[[ Source material, beginning ]]

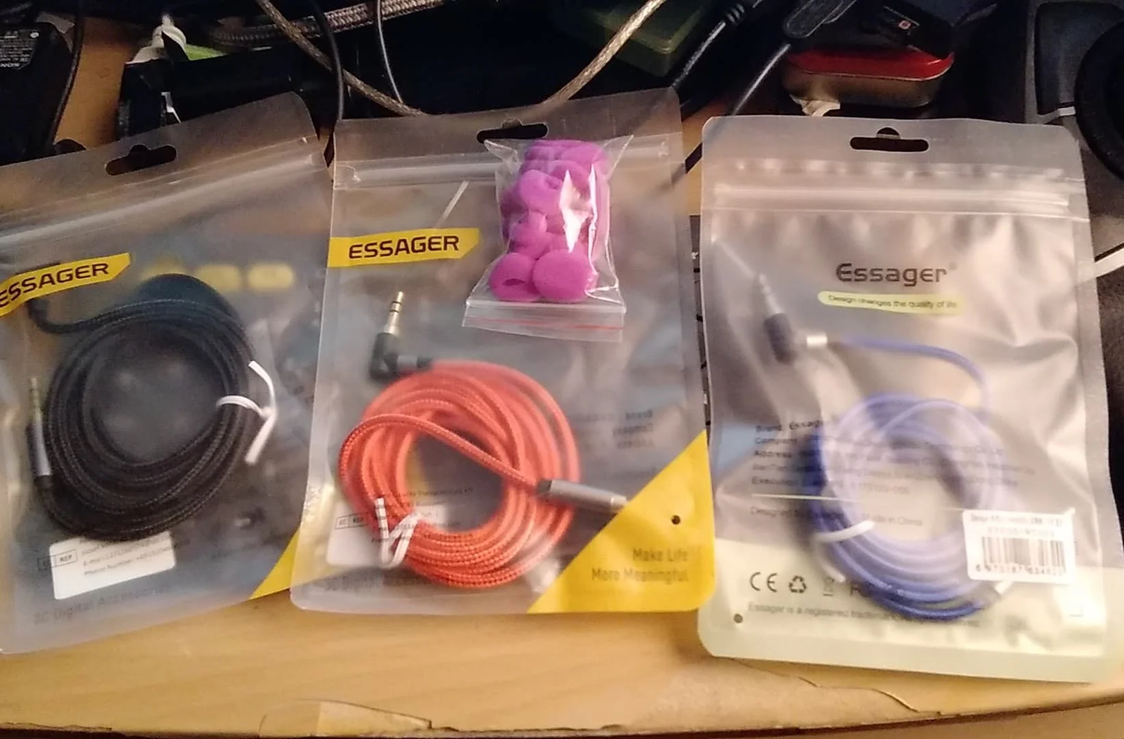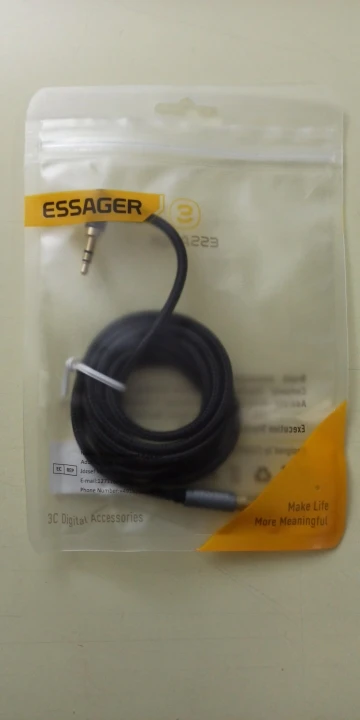 1,5m audio Cable with 3,5mm Jack On both ends, One of them AT 90 °. Кабель покрыт плетеной тканью, очень прочный и не запутывается легко. Алюминиевые и пластиковые разъемы чувствуют себя прочными, плотно прилегают и хорошо вписываются в любое устройство с крышкой. Очень хорошее соотношение цены и качества (2 доллара). У меня есть другие продукты этой марки, и я должен сказать, что это очень хорошо. Essager, продолжает предлагать качественную продукцию по хорошей цене.
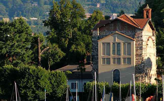 La facciata venne ristrutturata nel 1943 con un apparato murario, opera dell'architetto Rino Ferrini di Angera, su cui furono incisi i livelli delle piene del lago del 4 Novembre 1705 e del 4 Ottobre 1868.
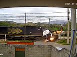 Este é o momento em que um caminhão atravessando um cruzamento em toda a velocidade depois de tentar atravessar a travessia no Rio de Janeiro, no Brasil.
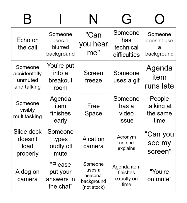 This bingo card has a free space and 24 words: Someone types loudly off mute, "Please put your answers in the chat", Screen freeze, A dog on camera, Someone doesn't use a background, Echo on the call, Someone accidentally unmuted and talking, Someone uses a blurred background, Someone has a video issue, A cat on camera, Someone uses a gif, Someone visibly multitasking, Acronym no one explains, "Can you see my screen", You're put into a breakout room, Agenda item finishes exactly on time, People talking at the same time, "Can you hear me", Agenda item runs late, Agenda item finishes early, "You're on mute", Slide deck doesn't load properly, Someone has technical difficulties and Someone uses a personal background (not stock).
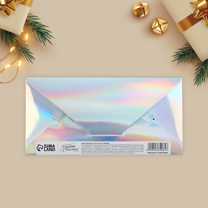 Конверт для денег «С Новым годом», голография, 16,5 х 8 см, Новый год
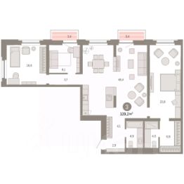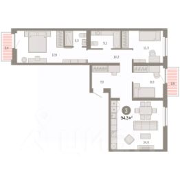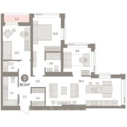Просторная трехкомнатная квартира с предчистовой отделкой в ЖК ''Зарека'' на 21 этаже. Общая площадь: 92.02 кв.м. Высота потолков 2.7 м. Квартира находится в корпусе 5-1. Дом монолитный, одноподъездный, высотой 25 этажей. На этаже 12 квартир. В подъезде 2 пассажирских и 1 грузовой лифт. Окончание строительства - 1 квартал 2027 года. Оформление сделки по договору долевого участия. Продаётся с паркингом. Квартира с кухней-гостиной и тремя спальнями в жилом районе ''Зарека''. Особенности планировки: предчистовая отделка, терраса на крыше. квартиры в нашей базе: ЗРК05.1-Ж1.21.5. Проект На планировочную структуру ''Зареки'' повлияла близость к автомобильному мосту Челюскинцев. Мы расположили жилые здания так, чтобы они постепенно удалялись от проезжей части. Приём напоминает лесенку: чем сильнее мост возвышается над участком застройки, тем дальше по отношению к нему стоят дома. Этот ступенчатый сдвиг позволил нам сформировать буфер между кварталами и оживлённой магистралью. Мы намерены высадить здесь высокие деревья и создать дополнительную защиту от дорожных шума и пыли. В границах нашего участка мы намерены разместить школу и два встроенных детских сада на 135 и 150 мест. Общественные пространства С севера на юг территорию будет пронизывать пешеходный бульвар. Мы мыслим это общественное пространство как главный центр притяжения. На нём будут сосредоточены основные детские игровые и спортивные зоны, места для встреч и спокойного отдыха. Он также сыграет роль мостика, ведущего к другим нашим проектам — ''Европейскому кварталу'' и ''Дому у озера''. Одна из базовых идей мастер-плана касается береговой линии. Сегодня озеленение этой территории носит стихииныи характер, а прямому доступу к Туре препятствует дамба. Мы хотим благоустроить пространства у воды и открыть их для людей. Архитекторы спроектировали систему многоярусных троп и спусков к реке, смотровые площадки и места для активного отдыха и пикников. #2svovC
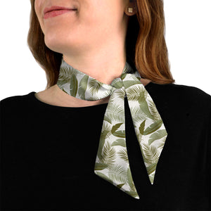 Leaves and ferns unfurl across the Tropical Leaves hair scarf. The fresh and simple botanical design is perfect for lounging beside a tropical pool or just spicing up a summer outfit.
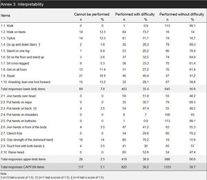 Tools to measure functional capacityThe CAPFUN scale comprises 20 items, divided into 8 upper-limb, 8 lower-limb, 3 combined, and 1 cervical spine activity. Each item is assessed on a scale of 0–2: 0 for impossibility to perform, 1 for incomplete or difficult performance, and 2 for correct performance. The total score ranges from 0 to 2, derived from the average score across all evaluated activities.11
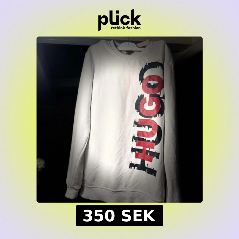 Säljer en stilren vit långärmad tröja från Hugo med ett stort tryck i rött och svart på framsidan. Perfekt för en avslappnad look. Tröjan har en rund halsringning och är tillverkad i ett mjukt material.
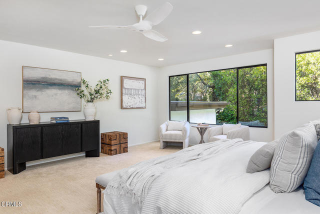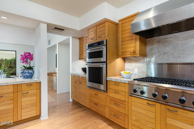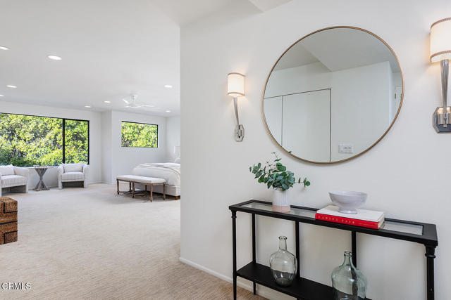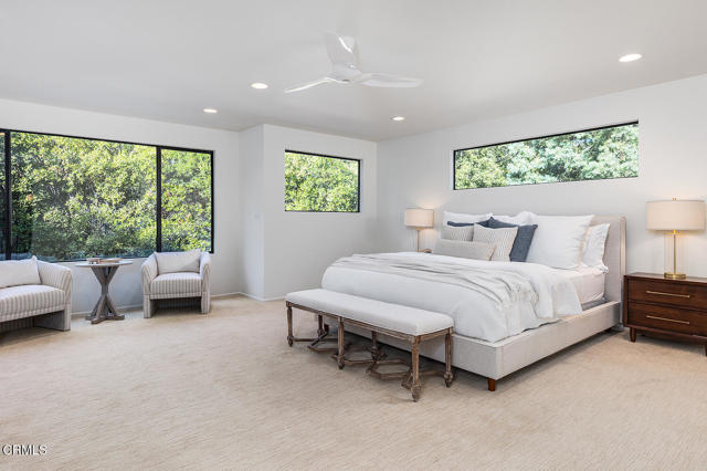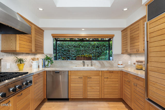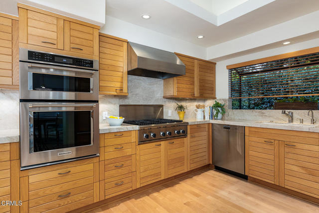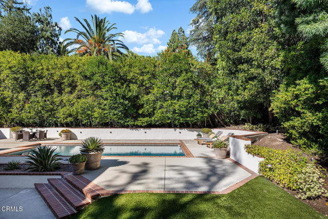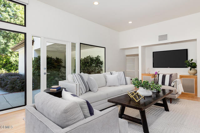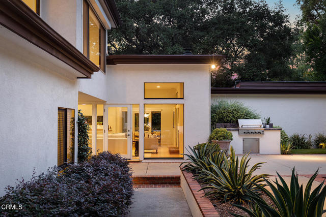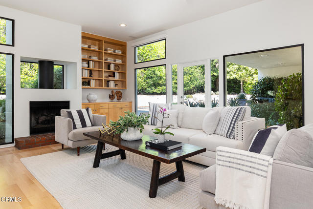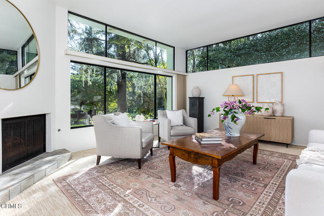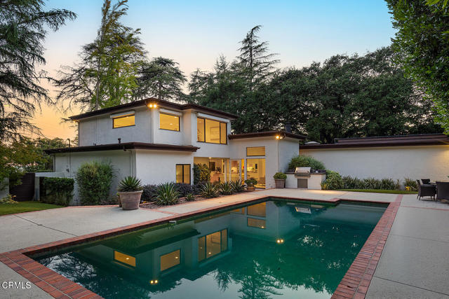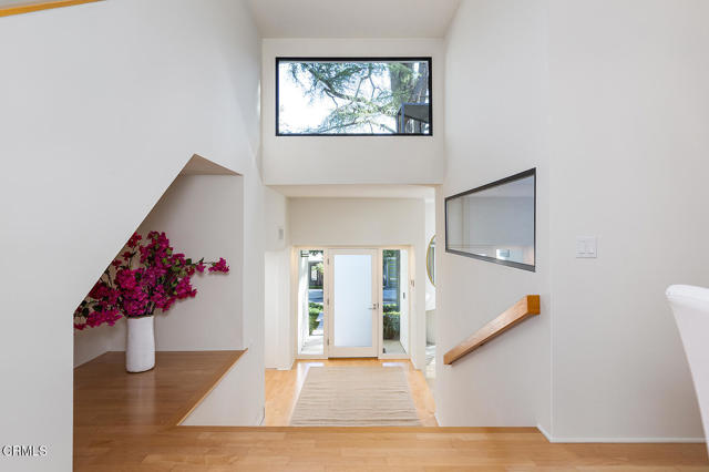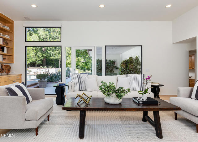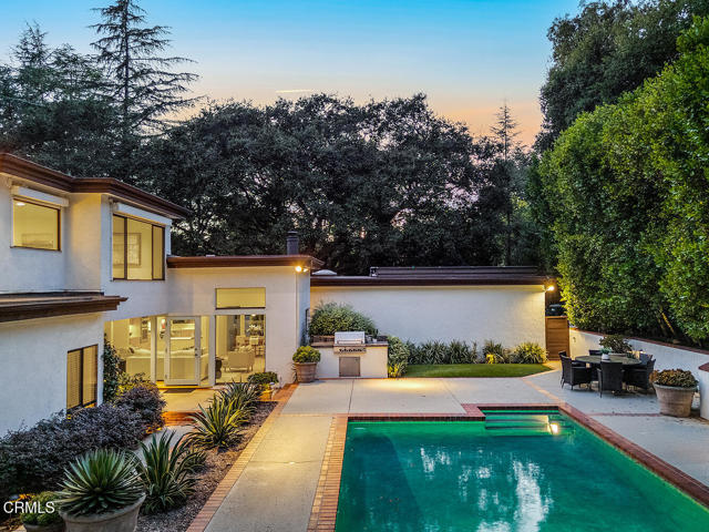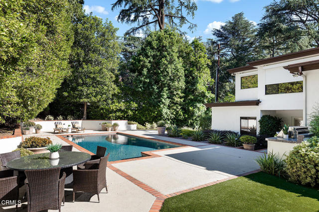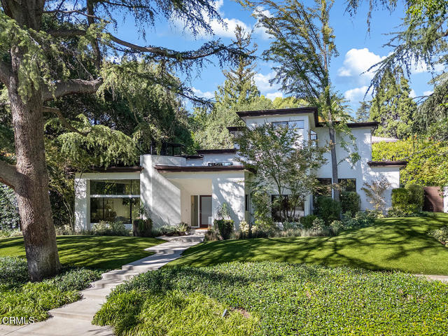 Framed by majestic deodar trees, this sculptural contemporary home blends architecturalsophistication and warm California modern living. Its striking frontage and manicured landscape offer instant curb appeal, while expansive glass walls fill the interior w/ natural light, blurring the line between indoors and out. Thoughtfully designed to frame tranquil garden views, each space embraces its lush surroundings, creating a serene, resort-like atmosphere where elegance and nature coexist in harmony. Located in one of the area's most desirable neighborhoods and within the award-winning La Canada Unified School District, this move-in ready home combines comfort, functionality, and design excellence. A flowing floor plan unites open gathering areas with private retreats, creating a seamless blend of livability and sophistication throughout. Four spacious bedrooms plus a flexible office with closet can serve as a fifth. Lauzon maple flooring, bespoke cabinetry, and European hardware highlight refined craftsmanship at every turn. One bedroom includes a built-in desk and custom Murphy bed with a quality mattress, offering dual convenience for guests or work-from-home living. Every room feels light-filled & thoughtfully connected, emphasizing calm, balance, and comfort through intentional design choices. The living and family rooms each feature gas fireplaces with recirculating systems and custom logs, adding warmth and ambiance while maintaining efficiency. The chef's kitchen serves as both a design statement and a culinary hub, featuring custom cabinetry, quartzite counters, top-tier appliances, and a fireclay sink with integrated filtration.Smart features include Nest thermostats, Kasa lighting, WiFi security, and a Rainbird irrigation system for effortless modern convenience. Outdoors, the sparkling solar-heated pool offers year-round enjoyment surrounded by sustainable turf, mature greenery, and complete landscape lighting. Multiple patios extend living spaces for entertaining, relaxation, & connection to nature in a peaceful, private environment. An attached garage, a rare feature in Southern California, provides direct access, generous custom storage, built-in electrical access, & a remote-operated door system for convenience & ease of everyday living.Perfectly positioned near shops, dining, hiking trails, & major freeways, this refined California Modern retreat offers tranquility, sophistication, & timeless appeal. Don't miss seeing this spectacular home!

[[ Source material, end ]]

● Try it
With the images left out, set down every entry exactly.

● Answer to the exercise
 1,5m audio Cable with 3,5mm Jack On both ends, One of them AT 90 °. Кабель покрыт плетеной тканью, очень прочный и не запутывается легко. Алюминиевые и пластиковые разъемы чувствуют себя прочными, плотно прилегают и хорошо вписываются в любое устройство с крышкой. Очень хорошее соотношение цены и качества (2 доллара). У меня есть другие продукты этой марки, и я должен сказать, что это очень хорошо. Essager, продолжает предлагать качественную продукцию по хорошей цене.
 La facciata venne ristrutturata nel 1943 con un apparato murario, opera dell'architetto Rino Ferrini di Angera, su cui furono incisi i livelli delle piene del lago del 4 Novembre 1705 e del 4 Ottobre 1868.
 Este é o momento em que um caminhão atravessando um cruzamento em toda a velocidade depois de tentar atravessar a travessia no Rio de Janeiro, no Brasil.
 This bingo card has a free space and 24 words: Someone types loudly off mute, "Please put your answers in the chat", Screen freeze, A dog on camera, Someone doesn't use a background, Echo on the call, Someone accidentally unmuted and talking, Someone uses a blurred background, Someone has a video issue, A cat on camera, Someone uses a gif, Someone visibly multitasking, Acronym no one explains, "Can you see my screen", You're put into a breakout room, Agenda item finishes exactly on time, People talking at the same time, "Can you hear me", Agenda item runs late, Agenda item finishes early, "You're on mute", Slide deck doesn't load properly, Someone has technical difficulties and Someone uses a personal background (not stock).
 Конверт для денег «С Новым годом», голография, 16,5 х 8 см, Новый год
Просторная трехкомнатная квартира с предчистовой отделкой в ЖК ''Зарека'' на 21 этаже. Общая площадь: 92.02 кв.м. Высота потолков 2.7 м. Квартира находится в корпусе 5-1. Дом монолитный, одноподъездный, высотой 25 этажей. На этаже 12 квартир. В подъезде 2 пассажирских и 1 грузовой лифт. Окончание строительства - 1 квартал 2027 года. Оформление сделки по договору долевого участия. Продаётся с паркингом. Квартира с кухней-гостиной и тремя спальнями в жилом районе ''Зарека''. Особенности планировки: предчистовая отделка, терраса на крыше. квартиры в нашей базе: ЗРК05.1-Ж1.21.5. Проект На планировочную структуру ''Зареки'' повлияла близость к автомобильному мосту Челюскинцев. Мы расположили жилые здания так, чтобы они постепенно удалялись от проезжей части. Приём напоминает лесенку: чем сильнее мост возвышается над участком застройки, тем дальше по отношению к нему стоят дома. Этот ступенчатый сдвиг позволил нам сформировать буфер между кварталами и оживлённой магистралью. Мы намерены высадить здесь высокие деревья и создать дополнительную защиту от дорожных шума и пыли. В границах нашего участка мы намерены разместить школу и два встроенных детских сада на 135 и 150 мест. Общественные пространства С севера на юг территорию будет пронизывать пешеходный бульвар. Мы мыслим это общественное пространство как главный центр притяжения. На нём будут сосредоточены основные детские игровые и спортивные зоны, места для встреч и спокойного отдыха. Он также сыграет роль мостика, ведущего к другим нашим проектам — ''Европейскому кварталу'' и ''Дому у озера''. Одна из базовых идей мастер-плана касается береговой линии. Сегодня озеленение этой территории носит стихииныи характер, а прямому доступу к Туре препятствует дамба. Мы хотим благоустроить пространства у воды и открыть их для людей. Архитекторы спроектировали систему многоярусных троп и спусков к реке, смотровые площадки и места для активного отдыха и пикников. #2svovC
 Leaves and ferns unfurl across the Tropical Leaves hair scarf. The fresh and simple botanical design is perfect for lounging beside a tropical pool or just spicing up a summer outfit.
 Tools to measure functional capacityThe CAPFUN scale comprises 20 items, divided into 8 upper-limb, 8 lower-limb, 3 combined, and 1 cervical spine activity. Each item is assessed on a scale of 0–2: 0 for impossibility to perform, 1 for incomplete or difficult performance, and 2 for correct performance. The total score ranges from 0 to 2, derived from the average score across all evaluated activities.11
 Säljer en stilren vit långärmad tröja från Hugo med ett stort tryck i rött och svart på framsidan. Perfekt för en avslappnad look. Tröjan har en rund halsringning och är tillverkad i ett mjukt material.
 Framed by majestic deodar trees, this sculptural contemporary home blends architecturalsophistication and warm California modern living. Its striking frontage and manicured landscape offer instant curb appeal, while expansive glass walls fill the interior w/ natural light, blurring the line between indoors and out. Thoughtfully designed to frame tranquil garden views, each space embraces its lush surroundings, creating a serene, resort-like atmosphere where elegance and nature coexist in harmony. Located in one of the area's most desirable neighborhoods and within the award-winning La Canada Unified School District, this move-in ready home combines comfort, functionality, and design excellence. A flowing floor plan unites open gathering areas with private retreats, creating a seamless blend of livability and sophistication throughout. Four spacious bedrooms plus a flexible office with closet can serve as a fifth. Lauzon maple flooring, bespoke cabinetry, and European hardware highlight refined craftsmanship at every turn. One bedroom includes a built-in desk and custom Murphy bed with a quality mattress, offering dual convenience for guests or work-from-home living. Every room feels light-filled & thoughtfully connected, emphasizing calm, balance, and comfort through intentional design choices. The living and family rooms each feature gas fireplaces with recirculating systems and custom logs, adding warmth and ambiance while maintaining efficiency. The chef's kitchen serves as both a design statement and a culinary hub, featuring custom cabinetry, quartzite counters, top-tier appliances, and a fireclay sink with integrated filtration.Smart features include Nest thermostats, Kasa lighting, WiFi security, and a Rainbird irrigation system for effortless modern convenience. Outdoors, the sparkling solar-heated pool offers year-round enjoyment surrounded by sustainable turf, mature greenery, and complete landscape lighting. Multiple patios extend living spaces for entertaining, relaxation, & connection to nature in a peaceful, private environment. An attached garage, a rare feature in Southern California, provides direct access, generous custom storage, built-in electrical access, & a remote-operated door system for convenience & ease of everyday living.Perfectly positioned near shops, dining, hiking trails, & major freeways, this refined California Modern retreat offers tranquility, sophistication, & timeless appeal. Don't miss seeing this spectacular home!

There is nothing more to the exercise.